Copyright © 2017 Si-Chi Xu et al. This is an open access article distributed under the Creative Commons Attribution License, which permits unrestricted use, distribution, and reproduction in any medium, provided the original work is properly cited.

Abstract

Background. Peroxisome proliferator-activated receptor-α (PPAR-α) is closely associated with the development of cardiac hypertrophy.
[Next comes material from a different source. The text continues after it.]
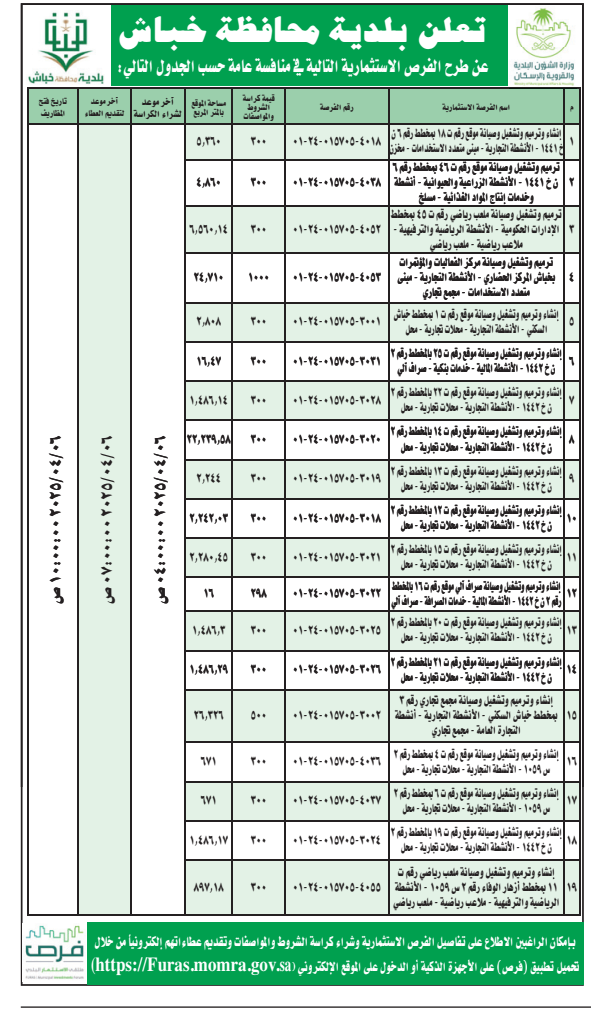 منافسة عامة- إنشاء وترميم وتشغيل موقع أنشطة تجارية- بلدية محافظة خباش

Previous studies have indicated that bezafibrate (BZA), a PPAR-α agonist, could attenuate insulin resistance and obesity. This study was designed to determine whether BZA could protect against pressure overload-induced cardiac hypertrophy. Methods. Mice were orally given BZA (100 mg/kg) for 7 weeks beginning 1 week after aortic banding (AB) surgery. Cardiac hypertrophy was assessed based on echocardiographic, histological, and molecular aspects. Moreover, neonatal rat ventricular cardiomyocytes (NRVMs) were used to investigate the effects of BZA on the cardiomyocyte hypertrophic response in vitro. Results. Our study demonstrated that BZA could alleviate cardiac hypertrophy and fibrosis in mice subjected to AB surgery. BZA treatment also reduced the phosphorylation of protein kinase B (AKT)/glycogen synthase kinase-3β (GSK3β) and mitogen-activated protein kinases (MAPKs). BZA suppressed phenylephrine- (PE-) induced hypertrophy of cardiomyocyte in vitro. The protective effects of BZA were abolished by the treatment of the PPAR-α antagonist in vitro. Conclusions. BZA could attenuate pressure overload-induced cardiac hypertrophy and fibrosis.